Task item =>
Your output should be the lines below from the one with "Hausnummernschild Edelstahl personalisierbar" through the one with "runs on caffeine.", copied exactly, pictures excluded.

Records for this task =>
○ ○ ○ ○

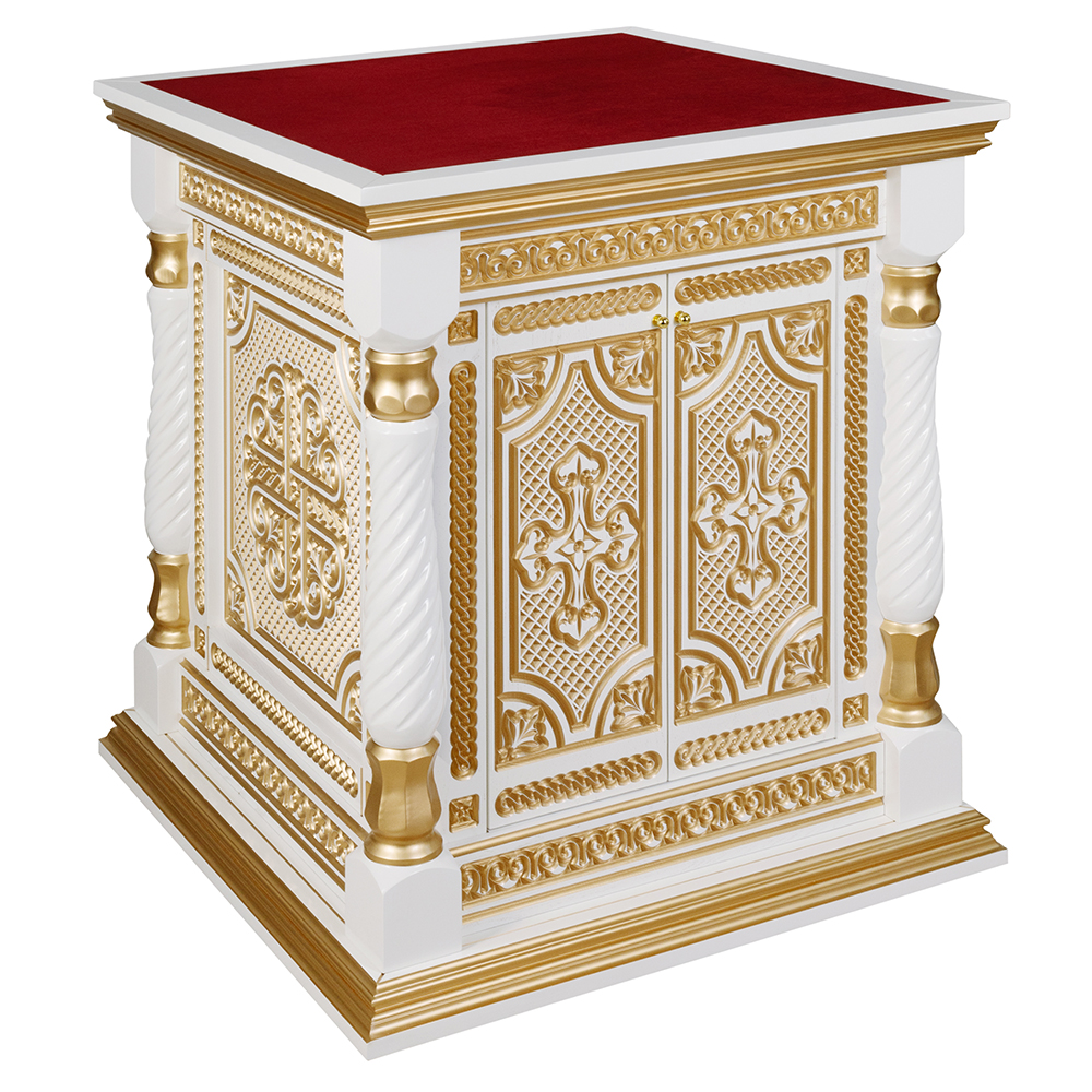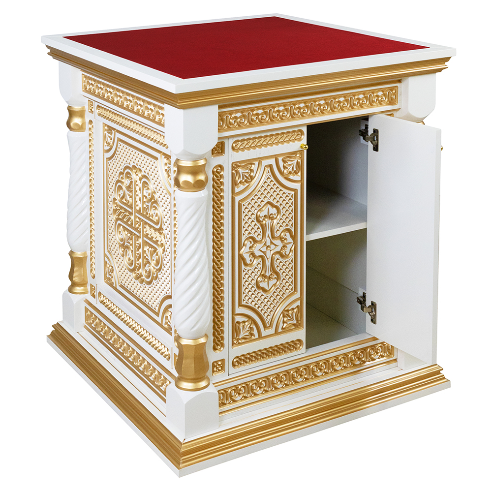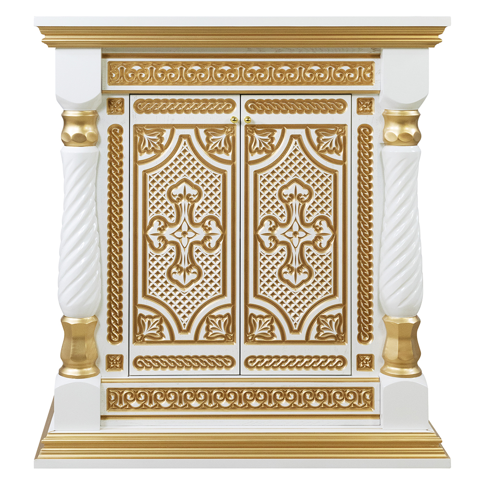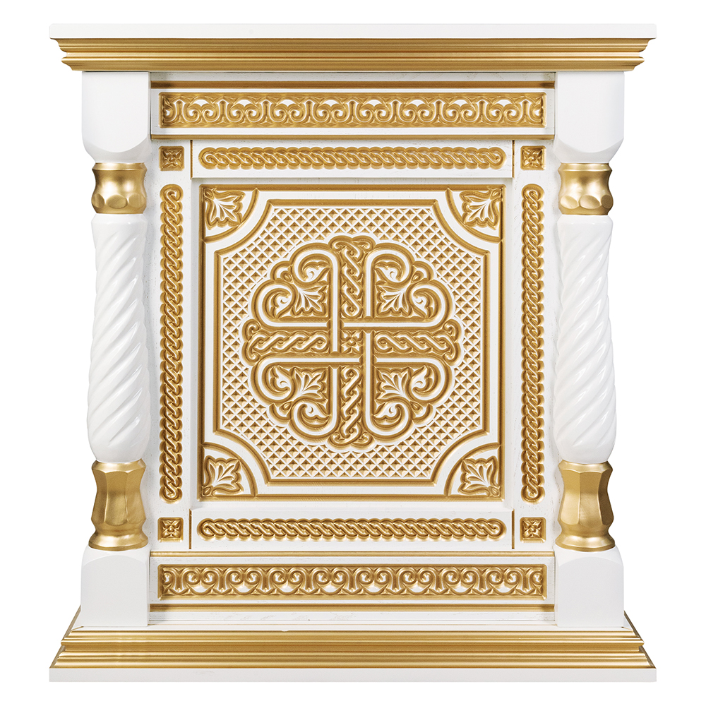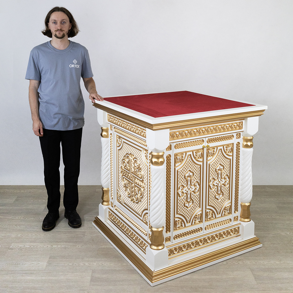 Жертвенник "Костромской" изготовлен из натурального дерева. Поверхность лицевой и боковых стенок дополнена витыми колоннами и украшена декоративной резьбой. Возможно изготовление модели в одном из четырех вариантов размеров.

○ ○ ○ ○

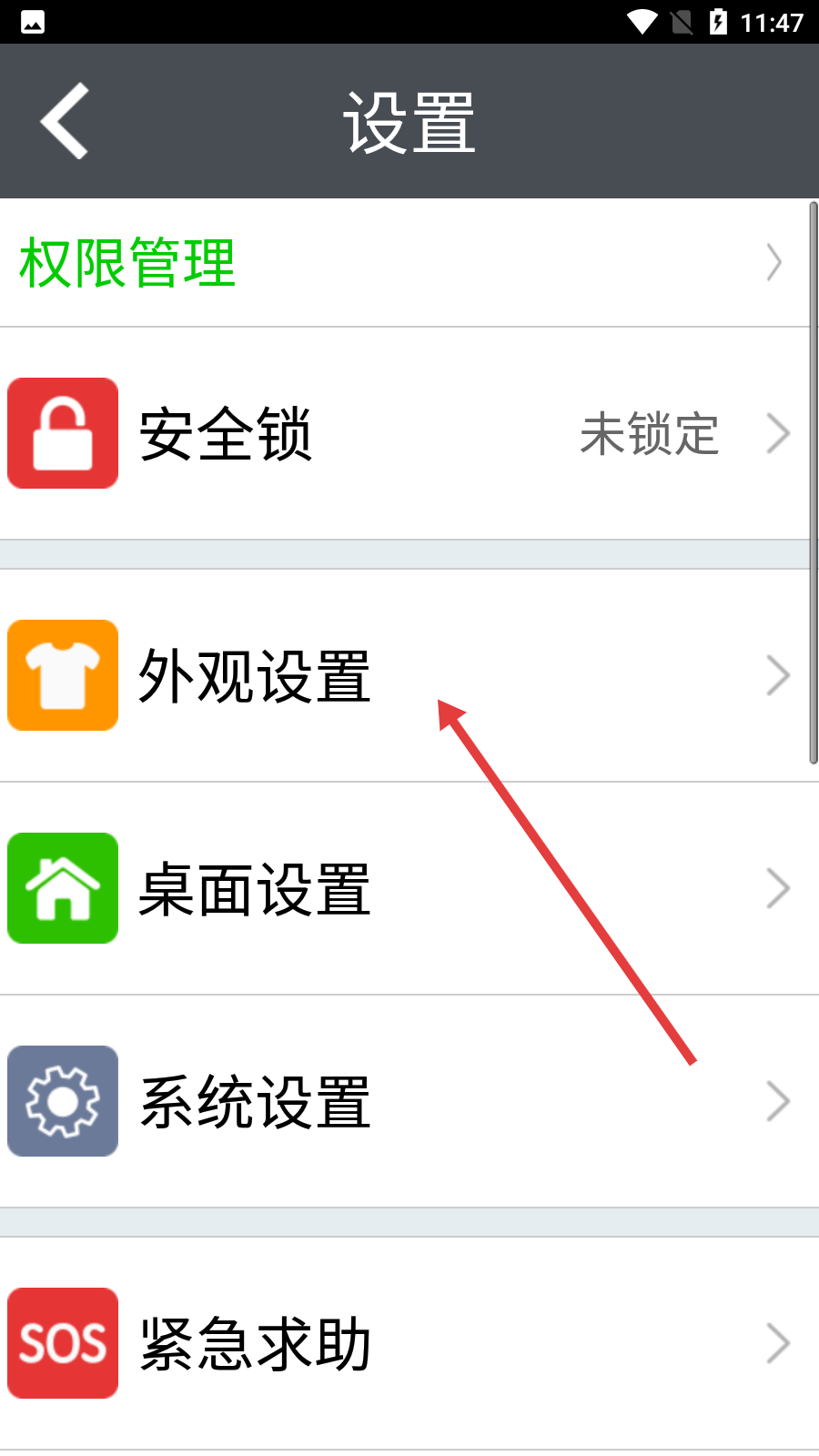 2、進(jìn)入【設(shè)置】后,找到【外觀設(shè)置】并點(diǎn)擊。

○ ○ ○ ○

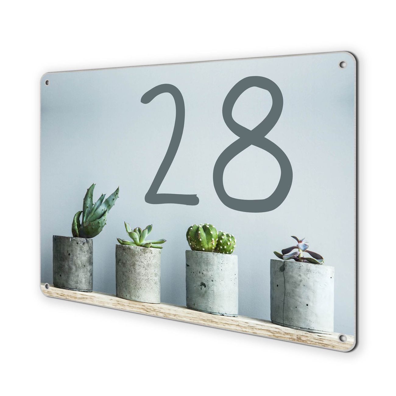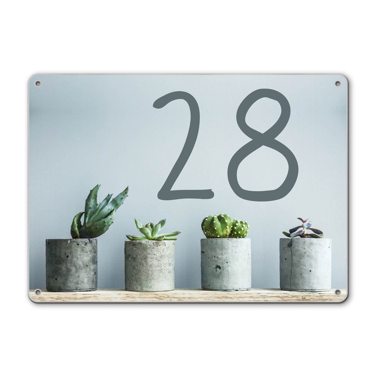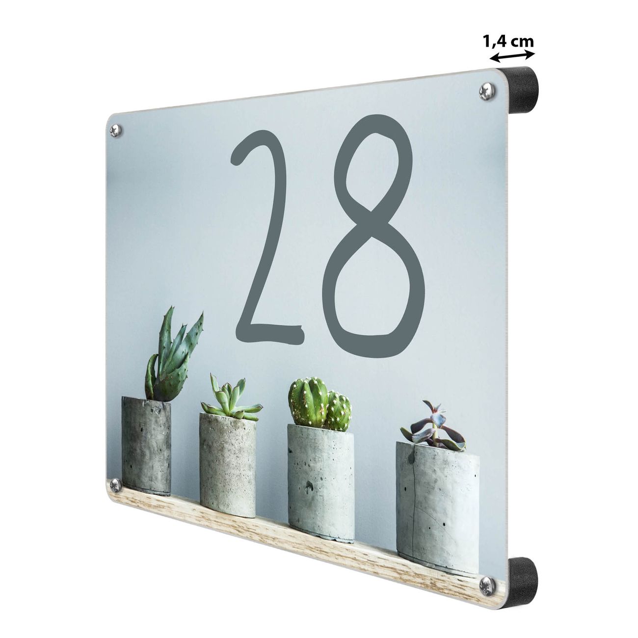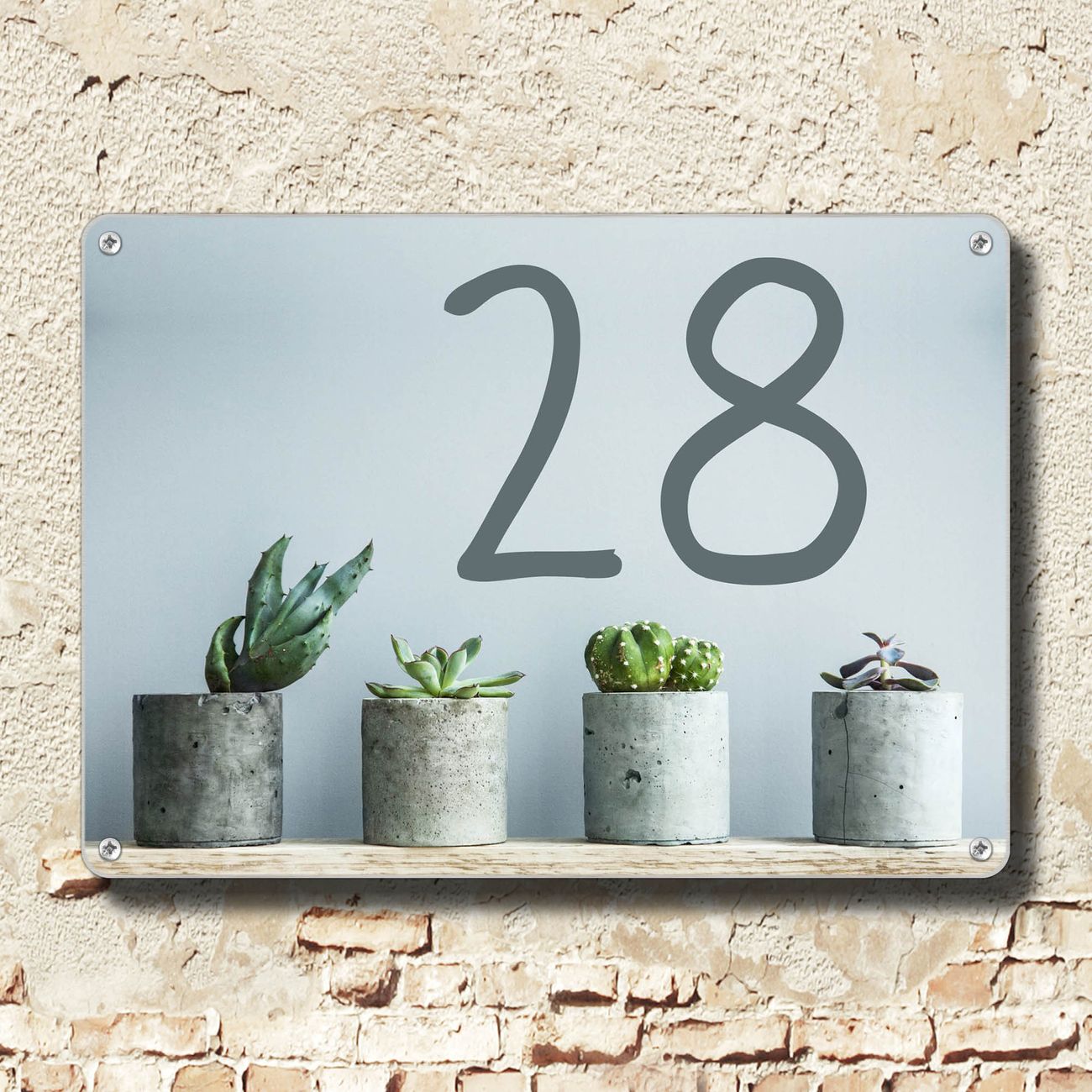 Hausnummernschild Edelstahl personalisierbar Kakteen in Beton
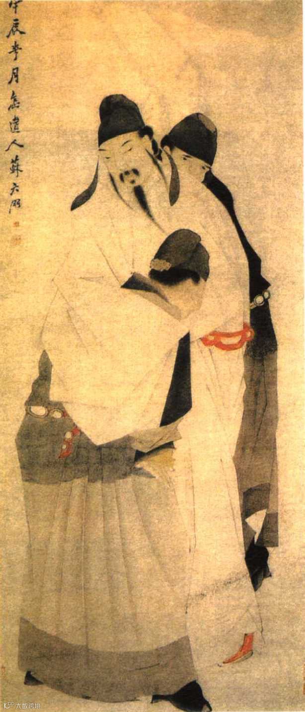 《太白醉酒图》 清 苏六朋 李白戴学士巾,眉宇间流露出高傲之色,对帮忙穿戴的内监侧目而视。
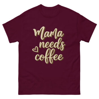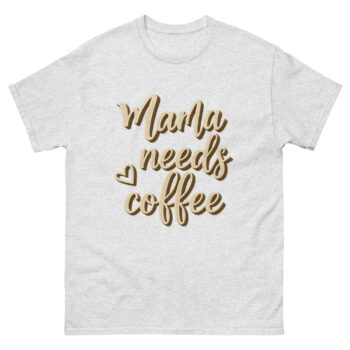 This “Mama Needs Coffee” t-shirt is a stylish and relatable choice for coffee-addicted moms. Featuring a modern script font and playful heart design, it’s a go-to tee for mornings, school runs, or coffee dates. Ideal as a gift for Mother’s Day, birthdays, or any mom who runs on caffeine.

○ ○ ○ ○

Response below =>
 Hausnummernschild Edelstahl personalisierbar Kakteen in Beton
 《太白醉酒图》 清 苏六朋 李白戴学士巾,眉宇间流露出高傲之色,对帮忙穿戴的内监侧目而视。
 This “Mama Needs Coffee” t-shirt is a stylish and relatable choice for coffee-addicted moms. Featuring a modern script font and playful heart design, it’s a go-to tee for mornings, school runs, or coffee dates. Ideal as a gift for Mother’s Day, birthdays, or any mom who runs on caffeine.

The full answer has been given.